This past weekend we ventured out in the 98 degree hot and humid Philadelphia weather to our local wildlife refuge, the John Heinz National Wildlife Refuge to do some birding.
The first thing I noticed was that all but one straggling Tree Swallow were already gone for the season. The Tree Swallows are the first migrants to arrive in the spring, staking out nest boxes in early March. And they are among the first migrants to head south to their wintering home in Mexico.
Now, there were hundreds of Barn Swallows swooping above the impoundment in search of insects.
But what fascinated me the most was one lone Monarch Butterfly nectaring at the thistle. I realized this was the first Monarch I had seen in Pennsylvania this season, and that is very late to be seeing my first Monarch.
There should have been hundreds of them at the refuge, and I should have seen many Monarch butterflies in my own wildlife garden much earlier this spring.
The monarch butterfly migration is a yearly event that sees millions of these butterflies fly from their summer habitats in Canada and the US to their winter homes in the high-altitude oyamel fir forests of central Mexico. The migration typically starts in late summer or early fall, and the butterflies fly as much as 2,500 miles over the course of several weeks, braving storms, winds, and other obstacles along the way.

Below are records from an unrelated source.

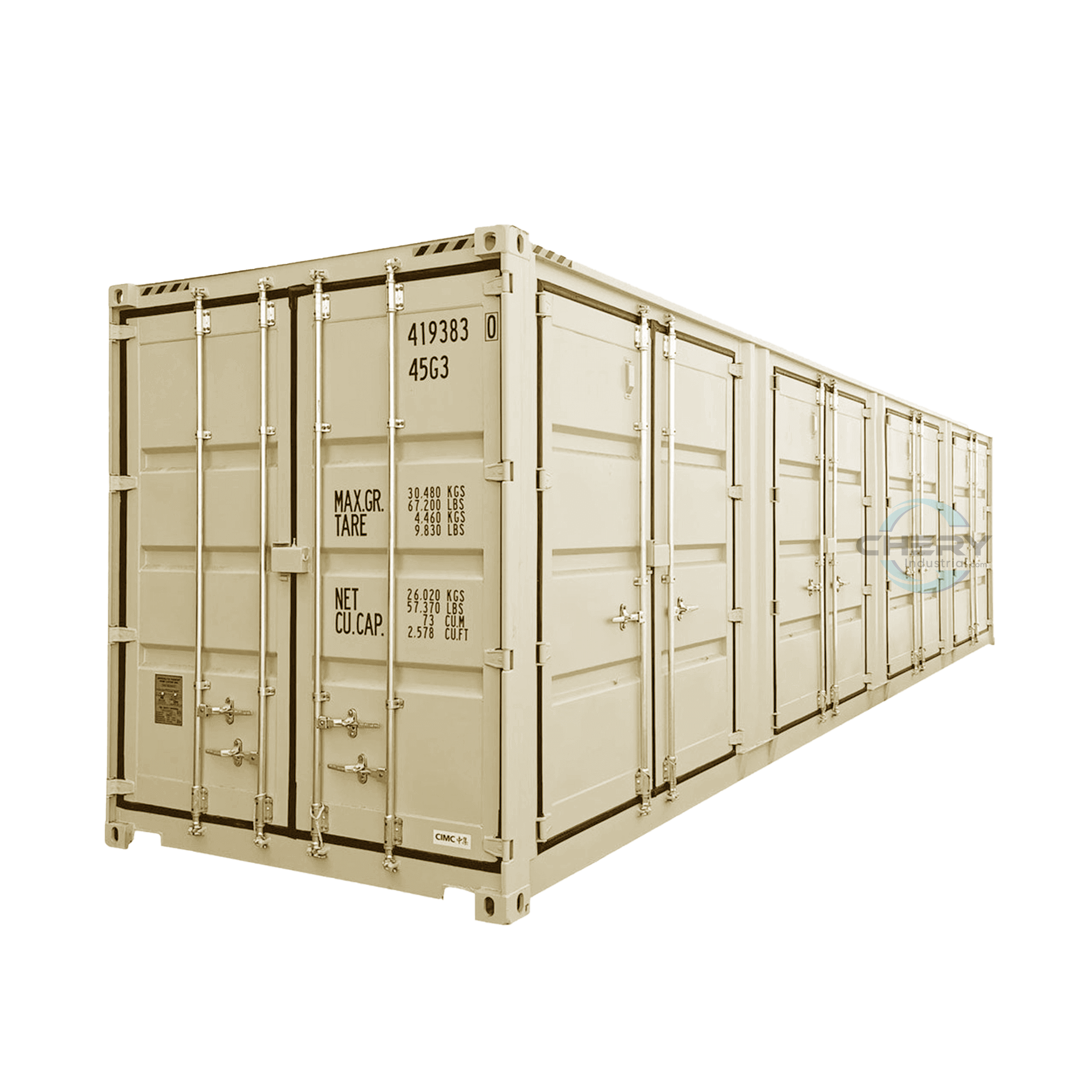 This 40ft container with 4 side doors is used for intermodal freight transportation, meaning the shipping containers can work without unloading and reloading their cargo. The shipping containers are also known as intermodal containers, cargo, freight containers, ISO containers, ocean containers, sea containers, sea vans, sea cans, and c cans. 90% of containers in the market are standardized, and they are called dry freight and general-purpose containers. Most of them are 8 feet wide and of either 20 feet or 40 feet standard length and 8 feet 6 inches high. Also, High Cube HC or HQ containers are 9 ft 6 inches in height.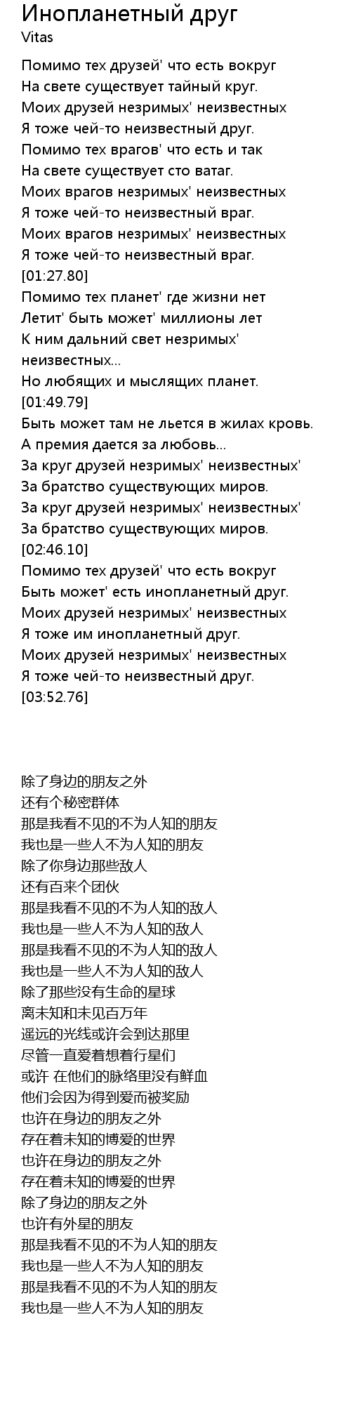 | [03:46.76] | Я тоже чей-то неизвестный друг. |
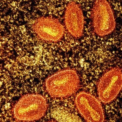 Monkeypox virus particles (shown in this coloured electron micrograph) can spread through close contact with people and animals.Credit: NIAID/Science Photo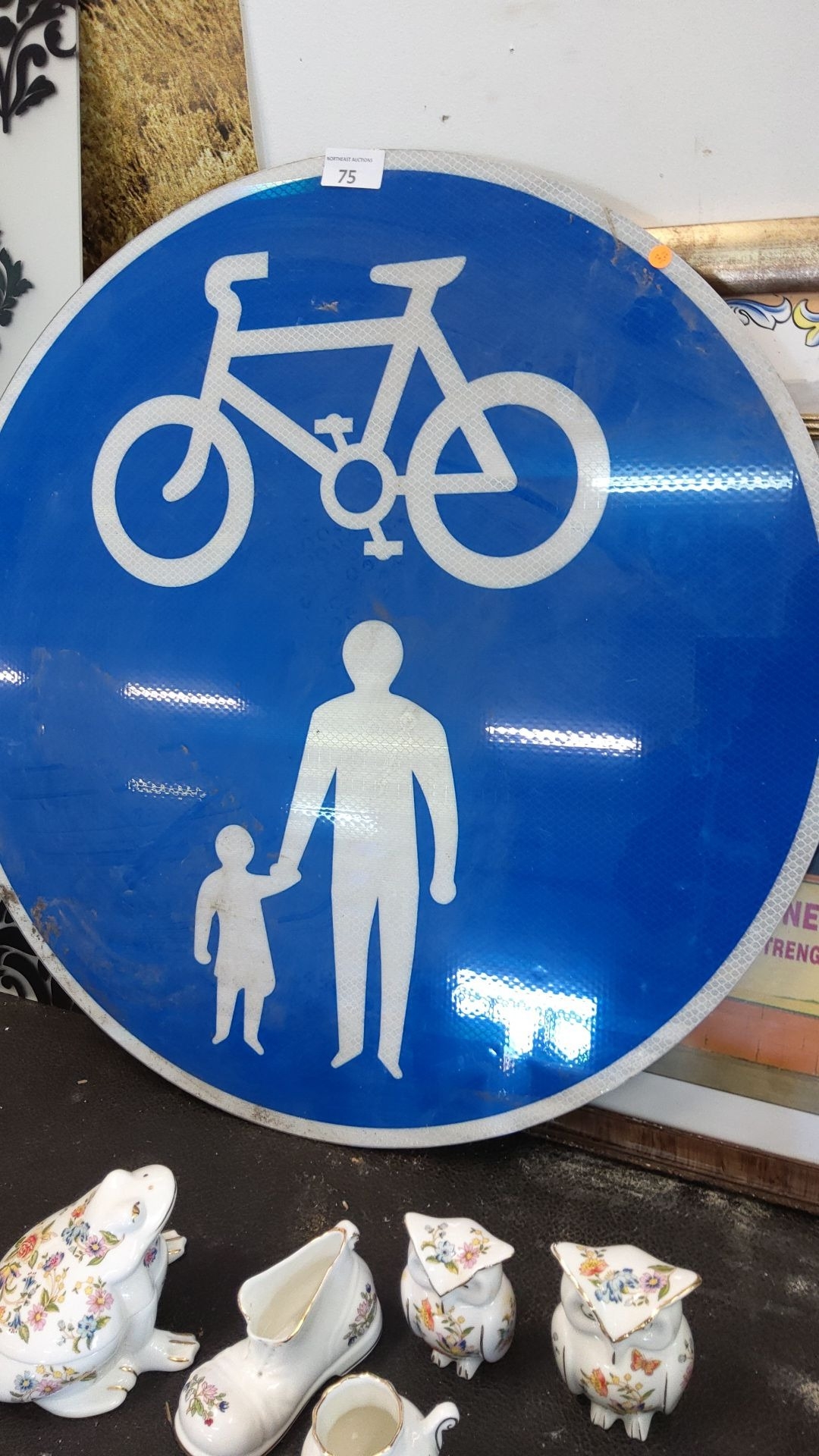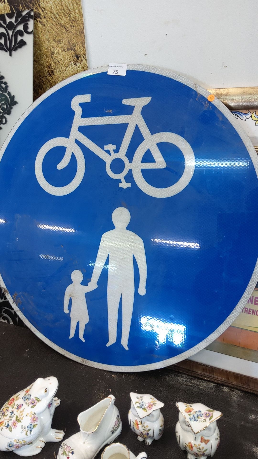 Blue reflective aluminium circular cycle-and-pedestrian sign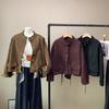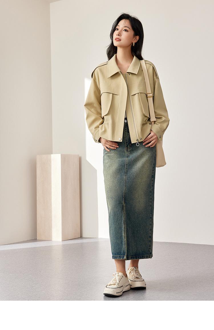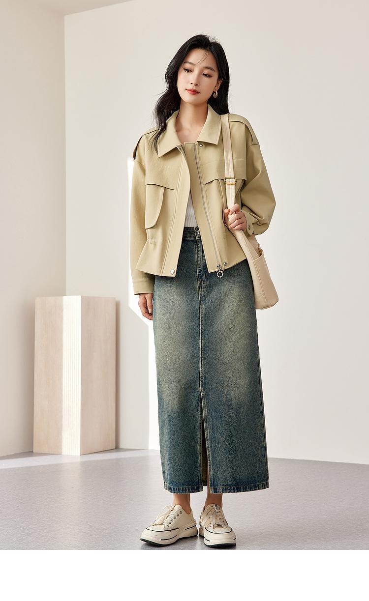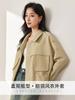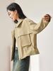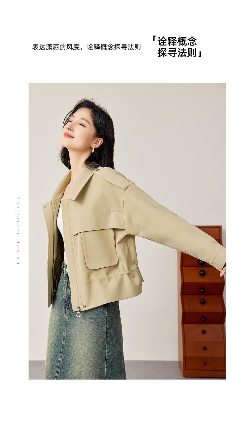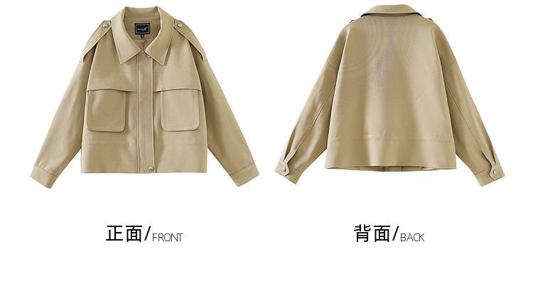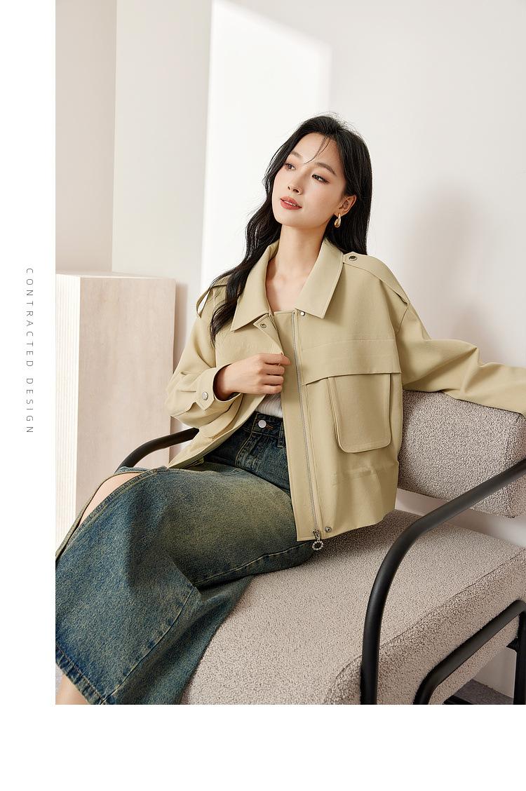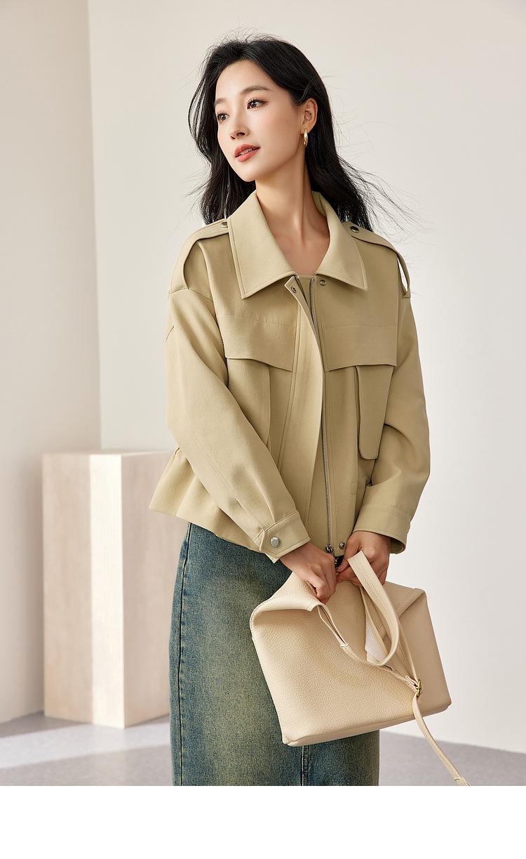 Zhen Xi - Abrigo corto de manga larga con solapa para mujer, estilo recto, informal, con cordón ajustable, CP885

One of the most fascinating things about the monarch migration is that it’s a multi-generational event. In other words, the butterflies that set off from North America in the fall aren’t the same butterflies that reach Mexico – instead, it’s the offspring of those butterflies that make the journey. This means that the butterflies that reach Mexico have never before seen their winter home, yet they’re able to find it anyway.
Another interesting aspect of the migration is how the monarch butterflies are able to fly such long distances in the first place. Scientists believe that the butterflies use a combination of environmental cues, such as the position of the sun, the earth’s magnetic field, and even scent, to navigate their way to Mexico.